:: Required work ::
Write out the stretch of lines below that begins at the line with "Nuestro LOFT de" and ends at the line with "如图,直线AB,CD与直线EF分别交于点O,P.", including both, exactly as given and nothing more.

---- Available data

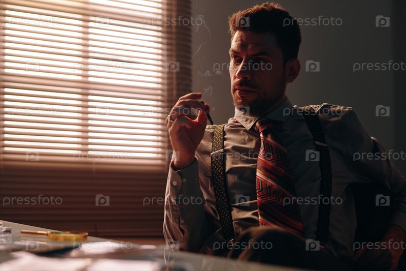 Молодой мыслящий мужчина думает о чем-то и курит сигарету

--------
---- Available data

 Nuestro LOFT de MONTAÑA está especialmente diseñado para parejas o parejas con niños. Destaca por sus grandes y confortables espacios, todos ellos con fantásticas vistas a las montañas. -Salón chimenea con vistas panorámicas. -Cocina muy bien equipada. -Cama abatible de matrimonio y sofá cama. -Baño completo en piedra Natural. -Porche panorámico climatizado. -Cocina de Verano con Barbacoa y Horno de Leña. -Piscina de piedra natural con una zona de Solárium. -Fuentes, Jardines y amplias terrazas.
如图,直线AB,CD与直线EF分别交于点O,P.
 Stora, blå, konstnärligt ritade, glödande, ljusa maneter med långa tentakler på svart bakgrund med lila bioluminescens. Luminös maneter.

--------

:: Output for this exercise ::
 Nuestro LOFT de MONTAÑA está especialmente diseñado para parejas o parejas con niños. Destaca por sus grandes y confortables espacios, todos ellos con fantásticas vistas a las montañas. -Salón chimenea con vistas panorámicas. -Cocina muy bien equipada. -Cama abatible de matrimonio y sofá cama. -Baño completo en piedra Natural. -Porche panorámico climatizado. -Cocina de Verano con Barbacoa y Horno de Leña. -Piscina de piedra natural con una zona de Solárium. -Fuentes, Jardines y amplias terrazas.
如图,直线AB,CD与直线EF分别交于点O,P.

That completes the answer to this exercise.